Required work: Filter the entries for the word "Klaipėdos". Copy each line in which it occurs.

[Collected data entries]
----
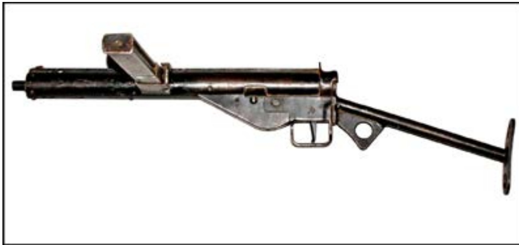
Пістолет-кулемет Sten Mk.III [11].

Фондозбірня багата й на інші зразки таких артефактів. Зокрема, в ній є саморобний пістолет, який видається спробою скопіювати пістолет системи ТТ (Тульський Токарева). Уміщене нижче фото дає яскраве уявлення, наскільки просто виконаний зразок.
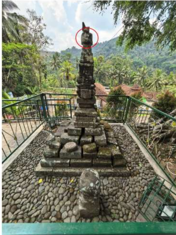
Foto 3. Komponen Batu Candi 7 Bagian Kemuncak Struktur Candi Pringtali (lingkaran merah)
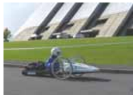
ゼッケン：7 中野平中学校チーム 記録：なし 表彰：奨励賞
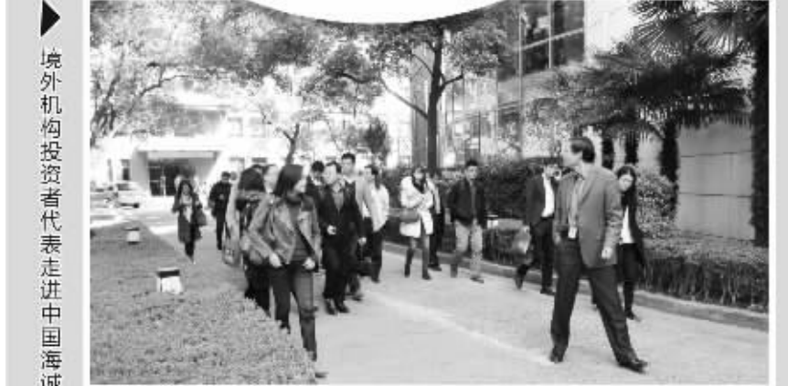
▲境外机构投资者代表走进中国海诚
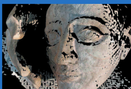
Rekonstrukce 3D modelu z fotografií http://cmp.felk.cvut.cz/
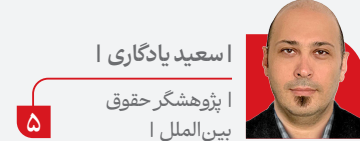
اسعد یادگاری پژوهشگر حقوق بین‌الملل
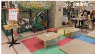
I、アル・プラザ茨木(2023年度)
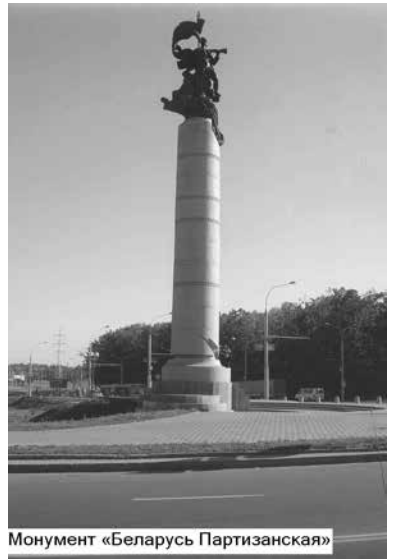
Монумент «Беларусь Партизанская»
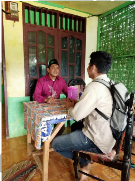
Wawancara : Tokoh Agama
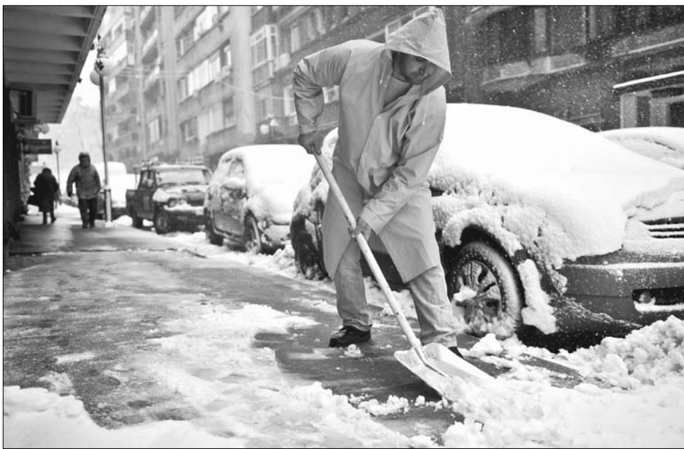
A főváros hó alá került, az autósoknak nehéz volt kiszabadítani járműüket
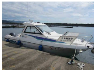
23ft 船外機でも時期さえ間違えなければ安全に遠くへ行くことが可能です。
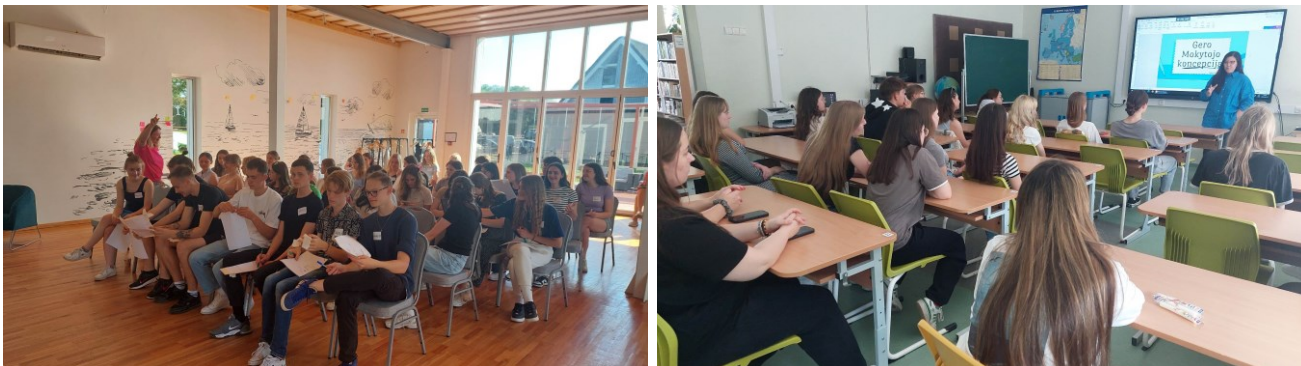
JPK stovykla Klaipėdos r., 2024 m. gegužės mėn.

2024 m. organizuota 15 įvairių renginių: 5 paskaitos pedagogine ir psichologine tema, 6 edukacinės išvykos į A. ir A. Kriauzų pradinę mokyklą, Kačerginės mokyklą-daugiafunkcį centrą, VDU Švietimo akademiją ir VDU darželį „Mažųjų akademija“, į LR Seimą, Klaipėdos r. I. Simonaitytės gimnaziją ir Klaipėdos kolegijos pedagoginį fakultetą; 3 susitikimai su jaunais ir patyrusiais mokytojais, VDU dėstytojais; 2-jų dienų pedagoginė stovykla su Klaipėdos r. JPK mokiniais Drevernoje.
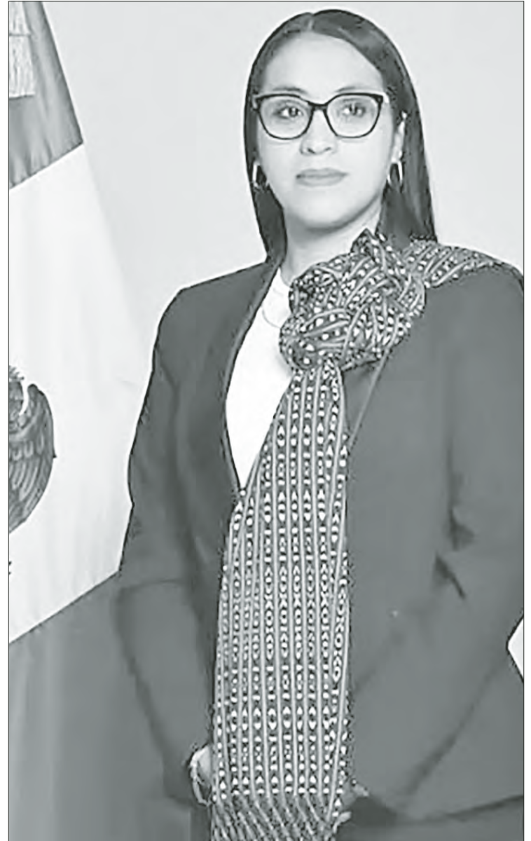
▲ La alcaldesa morenista de Tenancingo, estado de México, Nancy Nápoles Pacheco, en imagen tomada de redes sociales.

Afirmó que estos sujetos llevaron a Nancy Nápoles a la comunidad San Pedro Zictepec, en el municipio contiguo de Tenango, donde la dejaron ir, pues ya había una intensa movilización policiaca que la buscaba, y la edil decidió desistir, pues
----
Completed exercise:
JPK stovykla Klaipėdos r., 2024 m. gegužės mėn.
2024 m. organizuota 15 įvairių renginių: 5 paskaitos pedagogine ir psichologine tema, 6 edukacinės išvykos į A. ir A. Kriauzų pradinę mokyklą, Kačerginės mokyklą-daugiafunkcį centrą, VDU Švietimo akademiją ir VDU darželį „Mažųjų akademija“, į LR Seimą, Klaipėdos r. I. Simonaitytės gimnaziją ir Klaipėdos kolegijos pedagoginį fakultetą; 3 susitikimai su jaunais ir patyrusiais mokytojais, VDU dėstytojais; 2-jų dienų pedagoginė stovykla su Klaipėdos r. JPK mokiniais Drevernoje.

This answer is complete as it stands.